*** EXTRACTED INFORMATION ***

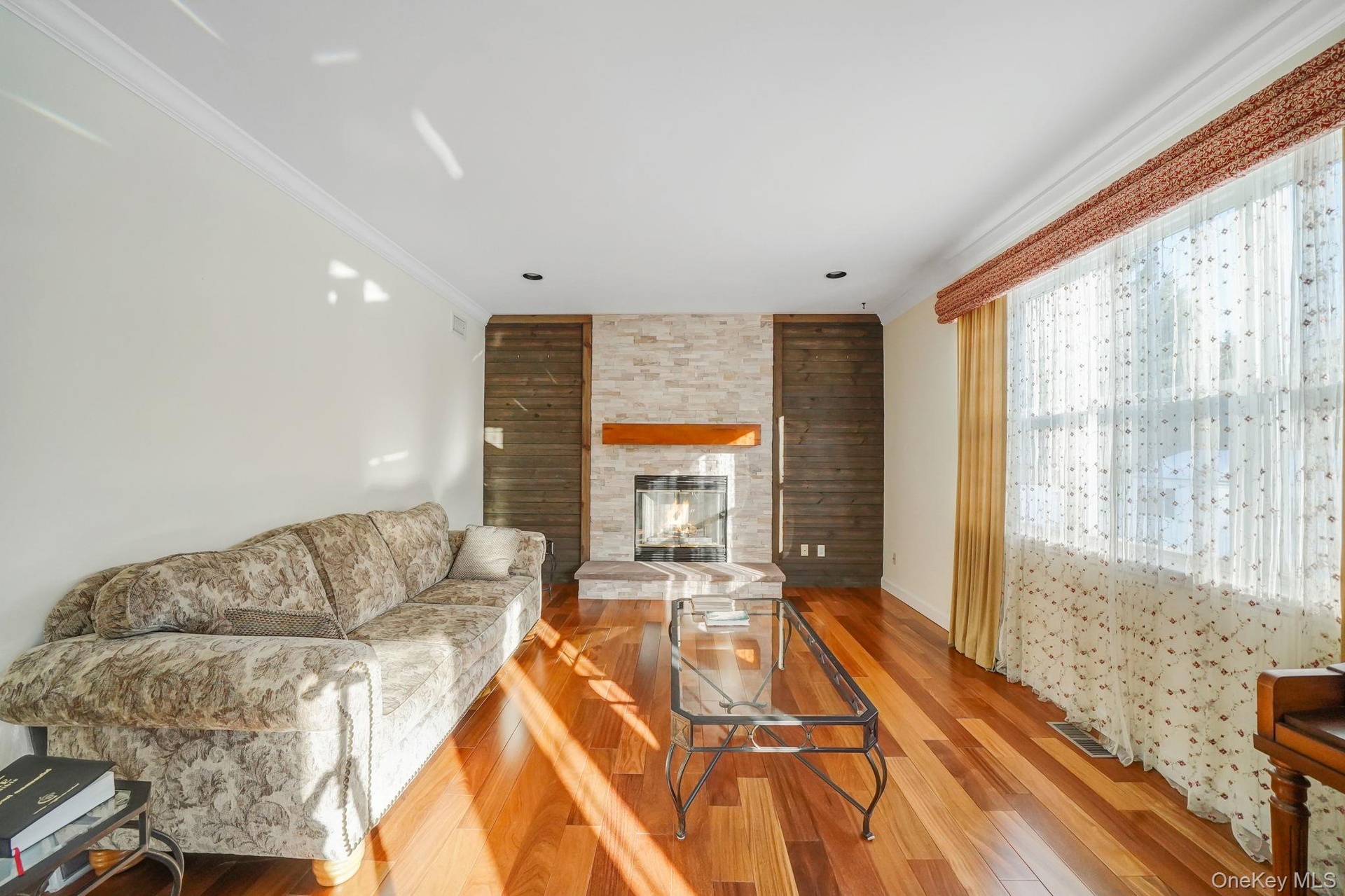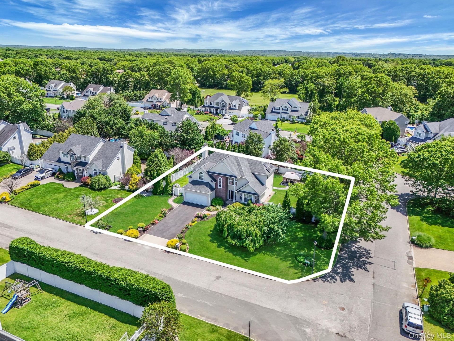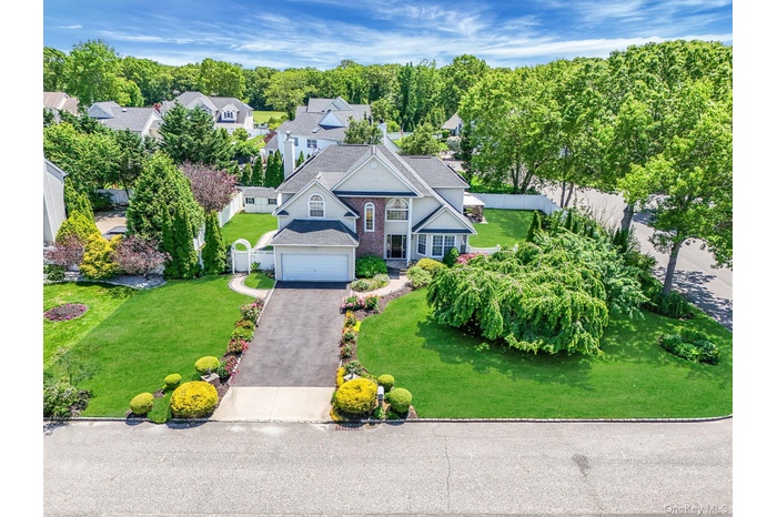 Welcome to 18 Cayla Lane! A beautifully maintained 5-bedroom, 2.5-bath Post Modern perfectly positioned on a corner lot. This home offers a grand entrance with soaring ceilings, an open-concept layout, gleaming hardwood floors, and a cozy wood-burning fireplace in the family room featuring teak wood. The spacious living and entertaining areas flow seamlessly, ideal for modern living. One of the five bedrooms is conveniently located on the main floor—perfect for a home office, guest room, or flex space to suit your needs. The spacious primary offers two walk-in closets and a full en suite. Major updates include a NEW ROOF and PAID OFF OWNED SOLAR PANELS (2019), two-zone heating and cooling systems (2021), repaved driveway (2024), and Cambridge paver patio, walkway, and stoop (2021). Additional highlights include 200 AMP electricity, a 6-zone sprinkler system, white PVC fencing, professional landscaping, crown molding, fresh interior paint (2024), a renovated powder room (2024), and a low-line sewer system. Not to forget the full basement full of surprises—this is the one you’ve been waiting for!
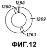На фиг.12 показан второй вариант выполнения датчика, в котором датчик положения содержит переменный резистор. Датчик положения включает в себя неподвижный контакт 1260, резистивную поверхность 1269 и промежуток 1265 на резистивной поверхности 1269, при этом все сформированы на закрепленном элементе 909. Подвижный контакт 1263 прикреплен к соединительному элементу (соединительный элемент 903 для ясности не показан). При использовании подвижный контакт 1263 может поворачиваться на датчике положения, когда перемещается соответствующий электронный элемент. Необходимо понять, что провод или другой проводник должен поэтому проходить от подвижного контакта 1263 к схемной плате 1035 датчика положения (не показана). Сопротивление, принимаемое соответствующей схемной платой 1035 датчика положения, поэтому будет изменяться с поворотом датчика положения.
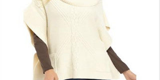 Anne Klein Women's Cowl Neck Mixed Stitch Poncho Sweater Pearl White Size 2XS
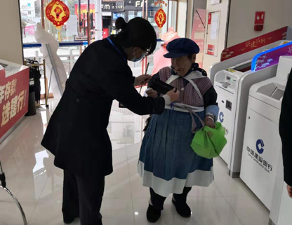云南省分行网点工作人员给前来办理业务的纳西族老人送上口罩。■ 李志刚/摄
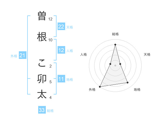 曽根 こ卯太さんを姓名の画数から五運を鑑定
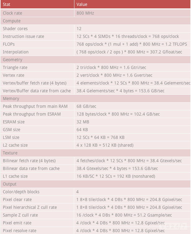 A VGLeaks oldalán részletes információkkal szolgáltak a Durango kódnevű konzolban található GPU-ról, melynek alapján immár annak teljesítménye felér egy mai modern, DirectX11-támogatással rendelkező asztali videokártya processzorával. Aki kíváncsi a teljes technológiai részletekre, az ott megtalálja a leírást, de a képességek és tulajdonságok összefoglaló táblázatát ide is beteszem:

***

> **TASK OBJECTIVE**
Starting with the line that holds "Anne Klein Women's", return each line exactly through the final line of the entries above; pictures are not part of the output.

> **ANSWER TO THIS EXERCISE**
 Anne Klein Women's Cowl Neck Mixed Stitch Poncho Sweater Pearl White Size 2XS
云南省分行网点工作人员给前来办理业务的纳西族老人送上口罩。■ 李志刚/摄
 曽根 こ卯太さんを姓名の画数から五運を鑑定
 A VGLeaks oldalán részletes információkkal szolgáltak a Durango kódnevű konzolban található GPU-ról, melynek alapján immár annak teljesítménye felér egy mai modern, DirectX11-támogatással rendelkező asztali videokártya processzorával. Aki kíváncsi a teljes technológiai részletekre, az ott megtalálja a leírást, de a képességek és tulajdonságok összefoglaló táblázatát ide is beteszem:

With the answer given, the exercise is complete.